McNair remained in the RCAF after the war. Upon graduating from the Empire Flying Training School, he was posted to RAF Fakenham, Norfolk, to fly Gloster Meteor and de Havilland Vampire jet fighters. He later served as Air Advisor and Attaché of the Military Mission at the Canadian Embassy in Tokyo, Japan.

For his contributions in the Korean War "as Royal Canadian Air Force Liaison Officer to the Far East Air Forces from 27 June 1951 to 27 July 1953," the United States government offered to award McNair a Bronze Star Medal, but it was against RCAF policy.

McNair was aboard a Canadair North Star which crashed at Vancouver, British Columbia, Canada, on 30 December 1953. He made sure that all passengers and crew were safely evacuated before leaving himself, despite being soaked in gasoline. For this, he was awarded the Queen's Commendation for Brave Conduct. He suffered spinal injuries and was treated for a year.

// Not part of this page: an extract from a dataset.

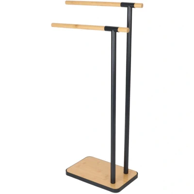 General description With this standing towel rack, you can dry your hand and bath towels in a space-saving manner. The bathroom stand features two bars and can be positioned freely in the room – no drilling required. Use the towel rack in your bathroom or guest WC. The bath towel holder is made from a combination of black steel and bamboo accents for a stylish look. Thanks to the heavy base and non-slip floor pads, the towel rack offers reliable stability. Technical specifications Dimensions H x W x D: approx. 81 x 39.5 x 20 cm Usable bar width: approx. 26 cm each Bar heights: approx. 80 cm and 72.5 cm Base plate W x D: approx. 30 x 20 cm Load capacity: max. 3 kg Weight: approx. 1.7 kg Material: Steel, bamboo Colour: Natural, black Usage Ideal for hanging towels, clothing, and more Practical for drying hand and bath towels

McNair was promoted to group captain in 1956 and posted to No. 4 Fighter Wing in CFB Baden-Soellingen. In 1964, he was made Deputy-Commander of NORAD's Duluth sector. He later joined the Canadian Joint Staff office at the High Commission in London.

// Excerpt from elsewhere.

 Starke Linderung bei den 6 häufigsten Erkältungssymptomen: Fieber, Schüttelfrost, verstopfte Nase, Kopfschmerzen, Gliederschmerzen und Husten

McNair died of leukemia and was buried in Brookwood Cemetery, Surrey, England.

==Family life==
McNair met Watford-born stenographer Barbara Gwendoline Still (1925–2006) on a blind date in London in 1942; they married in 1944 and had two sons: Bruce and Lawrence Keith NcNair (1949–1998). On her death, she was buried beside her husband in Brookwood Cemetery.

==Honours==
McNair was awarded the Distinguished Flying Cross on 22 May 1942, 27 July 1943 and 22 October 1943.

In April 1944, Acting Wing Commander McNair was awarded the Distinguished Service Order.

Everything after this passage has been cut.